Script that performs the data transformations detailed in the project requirements for the "Getting and cleaning data" course.
Here's how the project requirements map with different parts of the script :
-
Uses descriptive activity names to name the activities in the data set. - lines 8 and 37
-
Appropriately labels the data set with descriptive variable names. - lines 10, 43 and 68
-
Extracts only the measurements on the mean and standard deviation for each measurement. - line 31
-
Merges the training and the test sets to create one data set. - line 52
-
Creates a second, independent tidy data set with the average of each variable for each activity and each subject. - lines 62 to 71
The script is heavily commented, here I'll just clarify some of the decisions which might seem unclear or peculiar:
-
After reading the main information in the parent folder, I declare a function (processChunk) that takes care of the low level processing of each of the 2 datasets(test and train).

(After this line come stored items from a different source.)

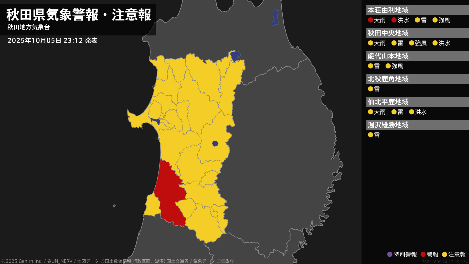 【秋田県 気象警報・注意報 2025年10月05日 23:12】
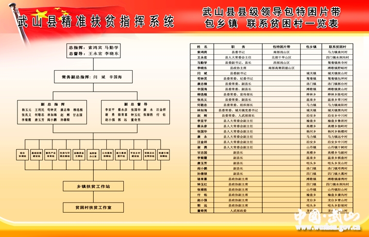 ——加強(qiáng)領(lǐng)導(dǎo)力量。成立了由縣委主要領(lǐng)導(dǎo)牽頭的精準(zhǔn)扶貧工作指揮部,組建了由常委、副縣長(zhǎng)任正副組長(zhǎng)的11個(gè)職能組室,建立了縣級(jí)領(lǐng)導(dǎo)包片、包鄉(xiāng)鎮(zhèn)、聯(lián)系貧困村的責(zé)任制,各鄉(xiāng)鎮(zhèn)成立了精準(zhǔn)扶貧領(lǐng)導(dǎo)小組和精準(zhǔn)扶貧工作站,一次性配齊了鄉(xiāng)鎮(zhèn)精準(zhǔn)扶貧工作站站長(zhǎng),形成了強(qiáng)有力的精準(zhǔn)扶貧組織領(lǐng)導(dǎo)體系。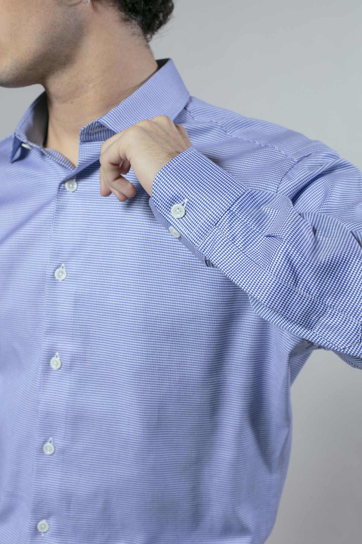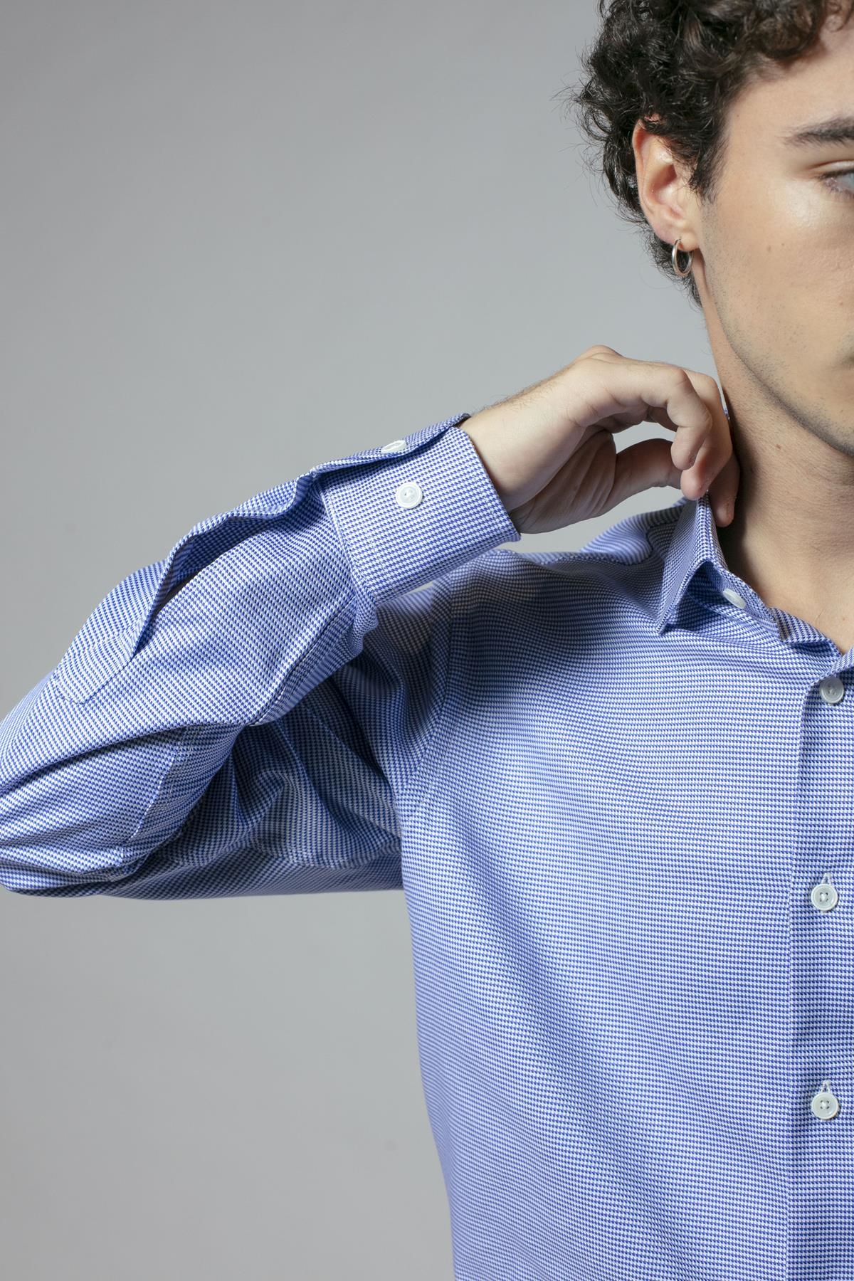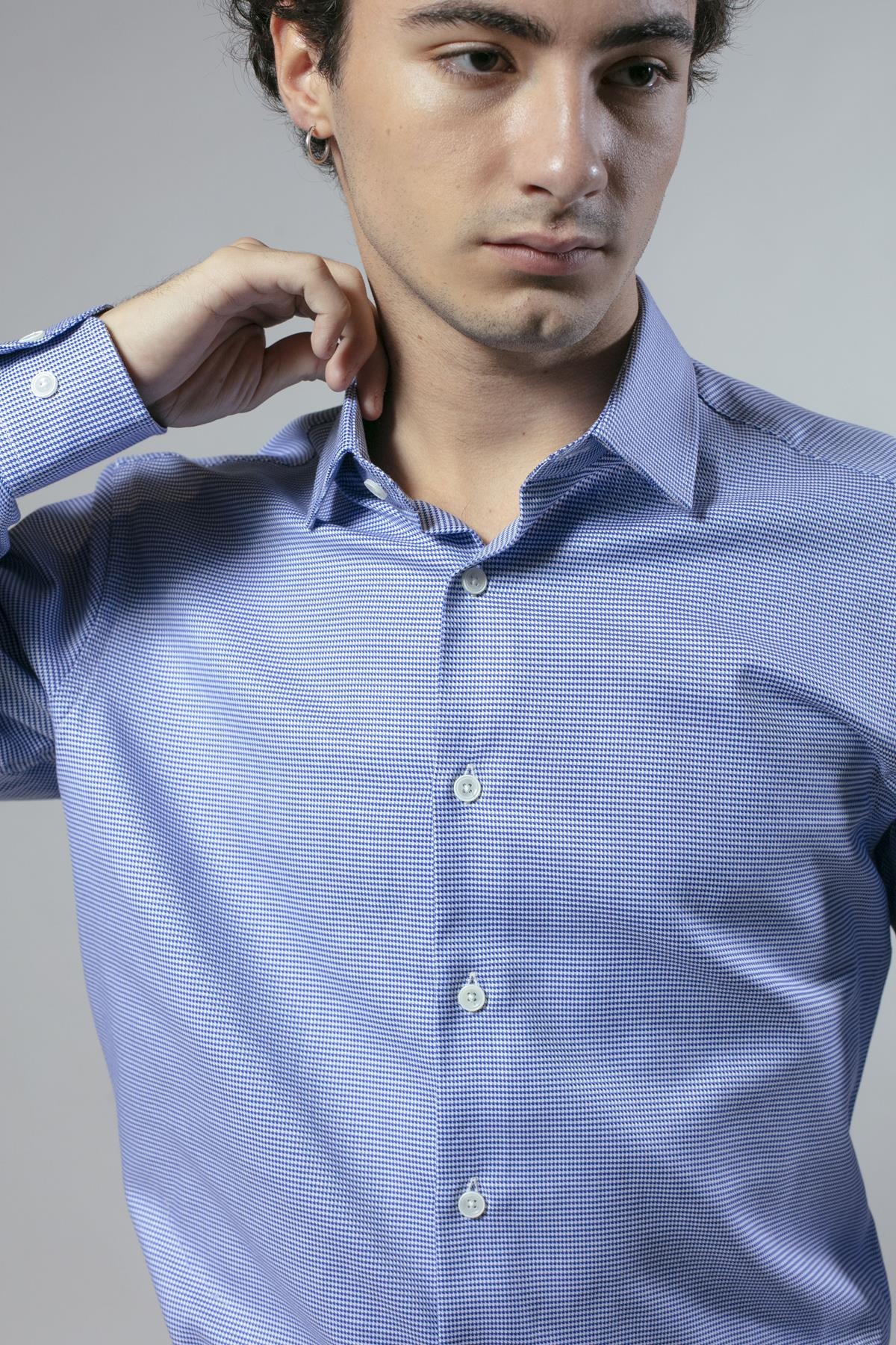 Camisa azul en algodón, de corte entallado y estampada en pata de gallo.

I then apply this function in parallel (using the "parallel" library and the parallel equivalent of lapply - mclapply) over the 2 subfolders. The parallel approach only works on Linux (and possibly Mac, didn't test there) where it's about 30% faster than the serial execution. On Windows it fails back silently to serial execution.
-
I do not use the merge() to "use descriptive activity names", I created a mapping list instead (id to activity name) and used it as a dictionary (at line 37). Main reason being that I wrote the script before getting to the "merge" lesson in the course. Still seems to me a valid approach and Tim Toady would probably agree.
-
Instead of using read.csv() or read.table() to read the big X_ datasets I preferred to use scan() to load them into a vector. The reasoning here was: this course is about data cleaning, there might be some gremlins lurking somewhere, it would be easier to flush them out from a vector. I'll know that my vector is clean when:
- it contains only numbers (and possibly NA but not NAN)

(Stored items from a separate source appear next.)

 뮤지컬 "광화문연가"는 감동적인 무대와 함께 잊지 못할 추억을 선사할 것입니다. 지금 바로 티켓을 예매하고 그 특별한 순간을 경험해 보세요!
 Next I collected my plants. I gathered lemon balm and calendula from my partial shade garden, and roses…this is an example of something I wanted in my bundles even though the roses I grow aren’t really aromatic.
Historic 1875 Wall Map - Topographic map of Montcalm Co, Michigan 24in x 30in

- its length equals 561 * number of lines in Y_ - we need to have the same number of observations for X_ and Y_.
Then it's just a question of transforming the vector into a data table. I do this by transforming it first into a matrix. As matrixes are populated the "wrong" way around (columns first), I need to transpose it first and then make it a data.table.
As it turns out I was way too suspicious, a simple read.csv() would have worked too. Oh well.